Antioxidant activities were determined using an ABTS assay, DPPH assay for radical-scavenging activity, and an FRAP assay according to methods described previously [22]. After recording the absorbances, antioxidant activity (%) was calculated for each method and results were analyzed using GraphPad Prism software (version 6.0) to calculate half maximal inhibitory concentration (IC50) values.

Cell proliferation assay

A proliferation assay was performed as described by Mosmann [23] with modifications as described as follows. About 5000 cells/well in 100 μL of RPMI-1640 or DMEM media according to the cell type supplemented with 10% FBS and 1% penicillin–streptomycin were plated in triplicate in 96-well microtiter plates. Cells were incubated overnight, and 50 μL of the test compound to meet the desired final concentration was added along with a DMSO blank control. The cells were incubated at 37°C under a humidified atmosphere of 5% CO2 for 72 h. Then, 15 μL of MTT at 5 mg/mL was added and incubation continued for 3.5 h.
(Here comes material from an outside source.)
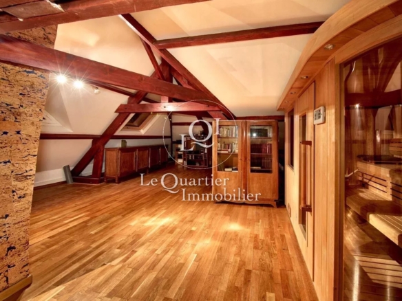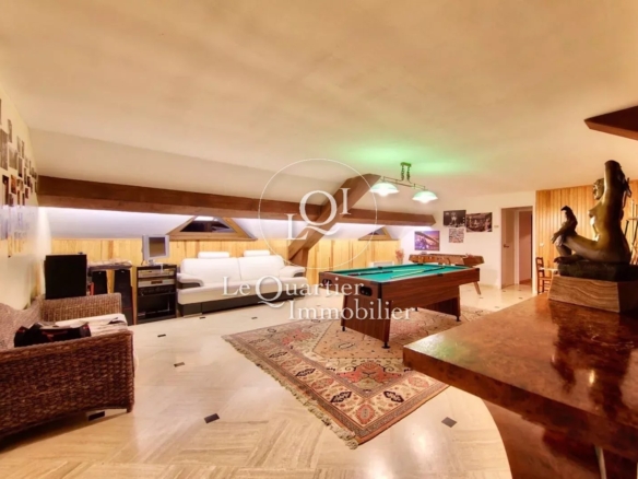 L'étage propose un palier desservant plusieurs chambres. une grande pièce polyvalente avec bar. une salle d'eau moderne avec SPA ainsi qu'un grenier offrant un espace de stockage supplémentaire. L'agencement permet d'accueillir famille et invités dans un cadre agréable et fonctionnel.

Media was aspirated from Vero cells, while the plate of Jurkat cells was centrifuged to sediment the cells allowing the media to be removed, before adding MTT in 150 μL of DMSO reading the absorbance at 560 nm with a reference at 640 nm. Percent inhibition was calculated after subtracting MTT absorbance at Day 0. Primary T cells were activated by coating the plates with CD28 antibodies overnight before the T cells were plated for culture. Results were analyzed using GraphPad Prism software (version 6.0).

DNA fragmentation assay

Jurkat cells were treated with 350 nM MLT-401 for 24, 48, and 72 h. We collected 1 × 106 cells along with respective controls, centrifuged at 3000 rpm for 5 min and the super-natant aspirated. The cell pellet was washed with ice-cold phosphate-buffered saline (PBS) and resuspended. DNA was isolated using a NucleoSpin DNA extraction kit according to instructions provided by the manufacturer. DNA (2 μg) was mixed with loading and tracking mixture of bromphenol blue (0.25%), xylene cyanol (0.25%) and glycerol (30%) loaded into wells in a 1.6% agarose gel (10 cm × 5 cm and 0.75 cm thick) and separated by electrophoresis at 140–145 V for 1–1.5 h in 1 M Tris, 0.9 M boric acid with 0.01M EDTA, pH 8.0 in a horizontal gel electrophoresis unit (SCIE-PLAS). The separated DNA was stained with 0.5 μg/mL of ethidium bromide, and visualized under ultraviolet light at 302 nm. DNA Molecular Weight Marker III (0.12–21.2 kbp) (Roche, Cat. No. 10 528 552 001) was used in the fragmentation assay.

Cell cycle assay

Briefly 1 × 106 of Jurkat cells were washed with PBS. The cells were stained with Guava Cell Cycle reagent according to instructions provided by the manufacturer, and 10,000 events were acquired on a Guava easyCyte flow cytometer. Data were analyzed using Express Pro software (Millipore), and the proportion of the cell population in different cell cycle stages with respect to control was calculated.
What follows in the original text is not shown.